Some caregivers suffer more
Dementia and Alzheimer’s also put adult children in a caregiving role for parents who may have been lousy parents to the children when they were younger. One study found that among more than 1,000 adults caregivers, almost one in five reported physical, verbal or sexual abuse as children, while about one in 10 reported neglect.
Such caregivers likely will have higher risks of depression because of both the duties they confront and the moral dilemmas caregiving poses to them—being good to those who were not good them. (See Eleanor Cade’s book “Taking Care of Parents Who Didn’t Take Care of You.”)
Focusing on healthy activity earlier in life: the evidence

One hopeful piece of research I found from the August 2014 edition of the health journal The Lancet, “Potential for primary prevention of Alzheimer’s disease: an analysis of population-based data,” noted early in life and upstream interventions could make a huge impact on the disease later in life. The authors of the study noted “… a third of Alzheimer’s diseases cases worldwide might be attributable to potentially modifiable risk factors. Alzheimer’s disease incidence might be reduced through improved access to education and use of effective methods targeted at reducing the prevalence of vascular risk factors (eg, physical inactivity, smoking, midlife hypertension, midlife obesity, and diabetes) and depression.”
The American Public Health Association cited this breakthrough study and reported reducing the risk of each risk factor by 10 percent, it might be possible to reduce Alzheimer’s prevalence by 8.5 percent by 2050. That would mean the 9 million fewer cases of the disease.
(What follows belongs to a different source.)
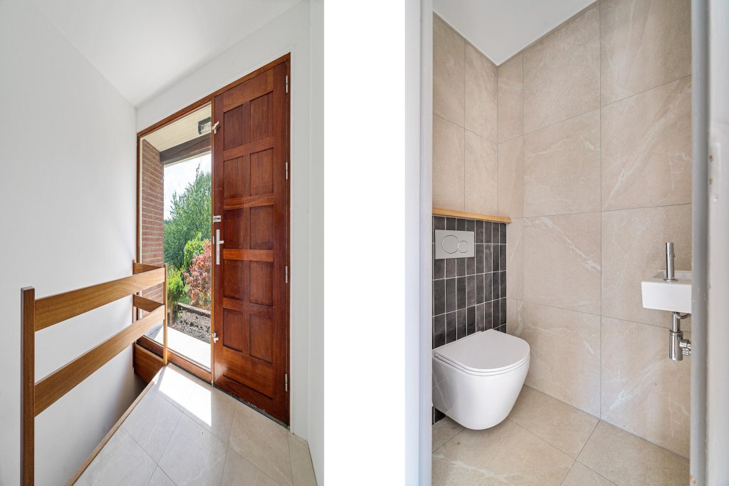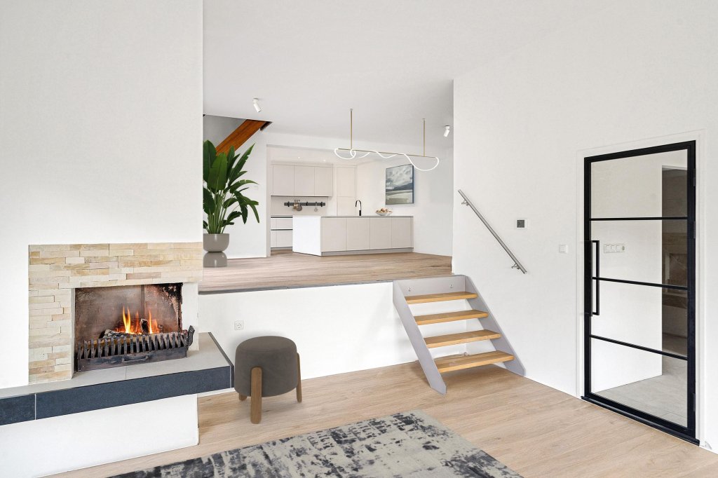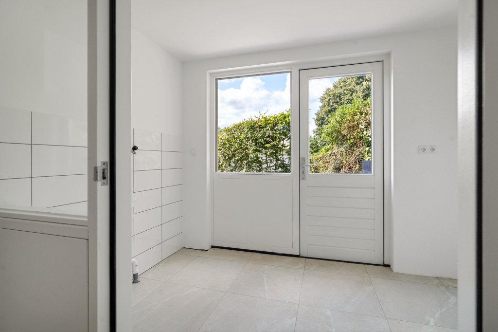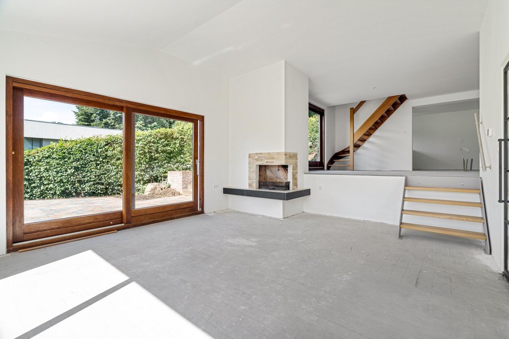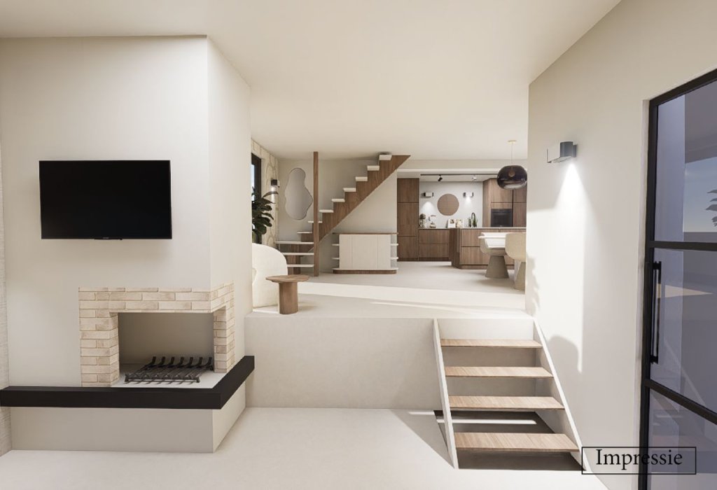 Entree/hal met tegelvloer, moderne toiletruimte(2025), meterkast, garderobe en toegang tot de woonkamer. De woonkamer heeft veel lichtinval, een prachtig uitzicht over het groen en een open haard. Via een speelse splitlevel indeling is de open keukenruimte te bereiken. De keuken dient nog geplaatst te worden. Aansluitend aan de keuken is de bijkeuken te vinden met toegang tot de tuin. Middels twee schuifpuien vanuit de splitlevel woonkamer is de opnieuw aangelegde zijtuin toegankelijk.

I shared this research with the Washington state chapter of the Alzheimer’s Association in the summer of 2014, when the group was taking public comment on their state action plan. I wrote to them citing this study and urging the organization to consider public health approaches that did not involve over-medication of patients and were based on population methods that could even be more cost-effective. I suggested the group participate in large-scale health fair activities that promote physical activities like walking earlier in life. I doubt these ideas took root—they require coordinated advocacy by families pushing against the “drug-solves-all” model.
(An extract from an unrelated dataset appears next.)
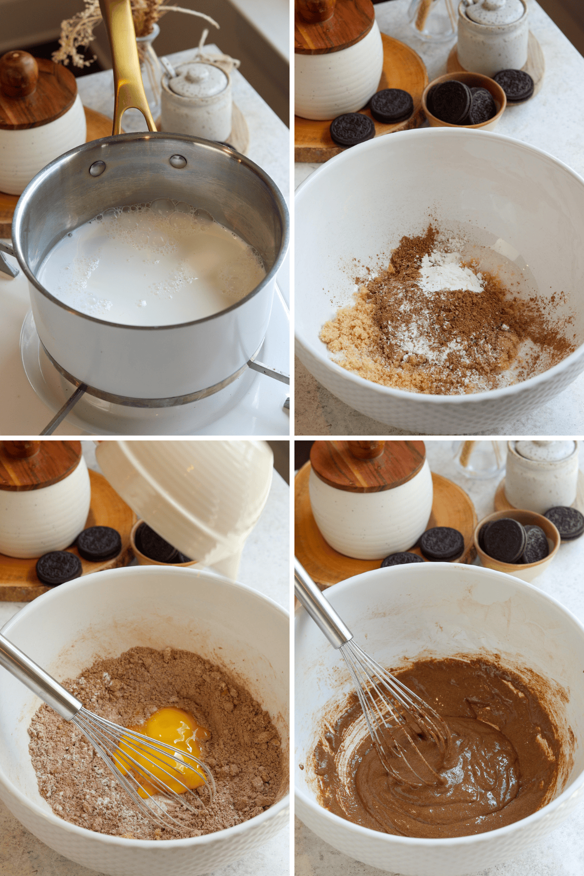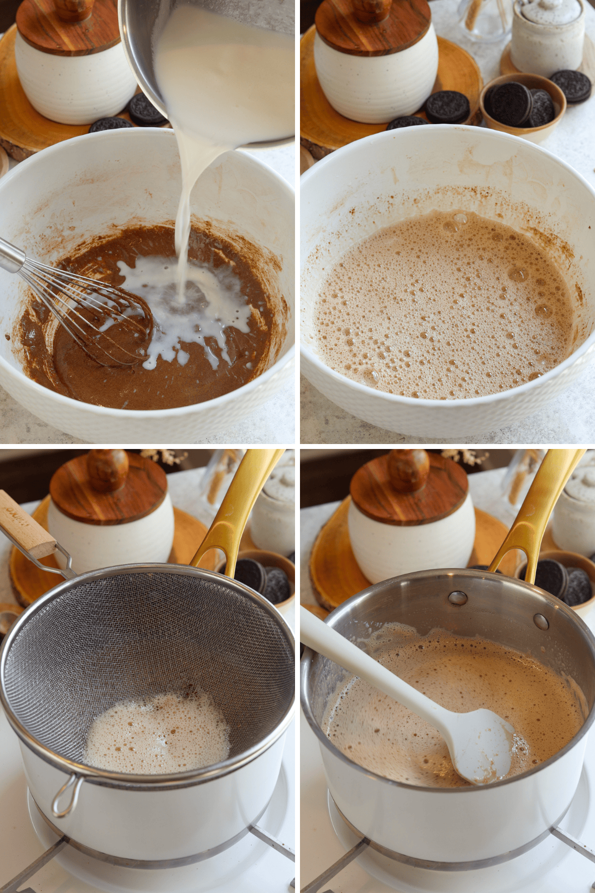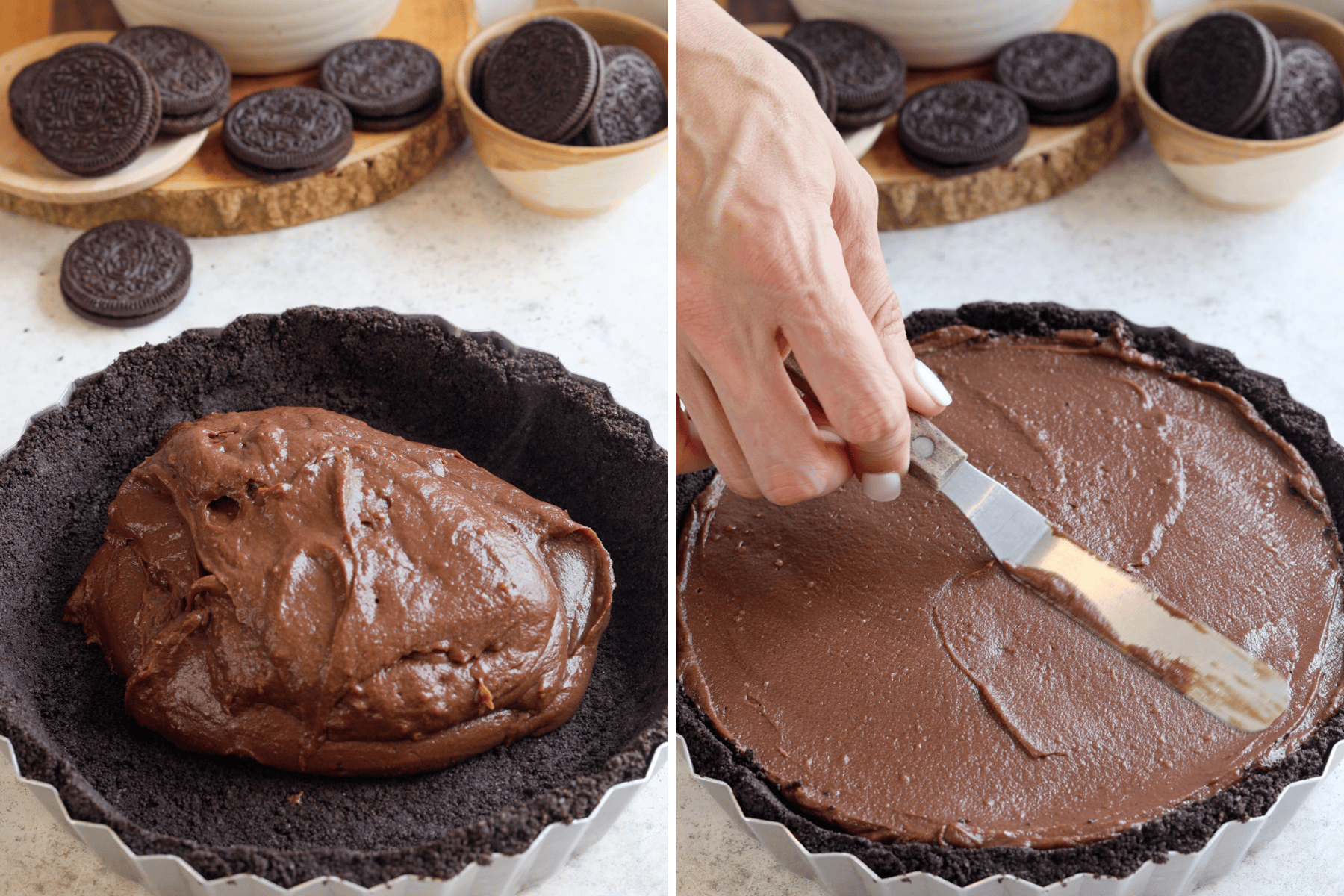 The filling is cooked carefully to avoid lumps, then poured into a chilled pie pan lined with a homemade Oreo cookie crust. Once set, the whole pie slices cleanly with a beautiful layered cross-sectionโrich chocolate base, creamy top, and a buttery, crunchy crust.

Families looking for solutions beyond drugs

At the public meeting I attended in Seattle that had other family members with impacted parents, about half the people in the room voiced support for alternatives to drugs like Aricept (Donepezil), which groups like Public Citizen have voiced detailed concerns over. As someone who has sat in a room with many people dealing with parents on medication, it is very alarming to hear about the volume of drugs that their parents take. It may not even be clear a drug like Aricept is the best course, simply because someone with symptoms may not have the disease.
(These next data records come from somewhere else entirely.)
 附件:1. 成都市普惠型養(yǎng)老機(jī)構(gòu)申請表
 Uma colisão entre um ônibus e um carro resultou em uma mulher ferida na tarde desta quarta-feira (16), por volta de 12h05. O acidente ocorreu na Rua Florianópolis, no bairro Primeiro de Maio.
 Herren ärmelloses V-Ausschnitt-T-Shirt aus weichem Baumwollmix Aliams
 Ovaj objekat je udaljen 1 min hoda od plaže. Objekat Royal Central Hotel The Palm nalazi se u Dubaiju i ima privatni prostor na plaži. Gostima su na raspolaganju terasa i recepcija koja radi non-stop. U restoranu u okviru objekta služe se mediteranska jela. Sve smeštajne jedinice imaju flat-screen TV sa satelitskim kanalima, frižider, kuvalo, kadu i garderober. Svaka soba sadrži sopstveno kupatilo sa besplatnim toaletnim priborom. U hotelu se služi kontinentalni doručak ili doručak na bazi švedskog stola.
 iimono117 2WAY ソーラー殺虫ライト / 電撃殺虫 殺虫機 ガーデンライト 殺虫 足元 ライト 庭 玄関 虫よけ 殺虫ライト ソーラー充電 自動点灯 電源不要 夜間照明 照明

At this chapter meeting, I also felt hope seeing and hearing how committed many families—families that include elderly doctors suffering from Alzheimer’s—were to reducing and eliminating drugs that doctors prescribed for their parents. As the Mayo Clinic notes, current drug regimes may boost the performance of some brain chemicals, but they do not address the underlying conditions leading to the death of brain cells.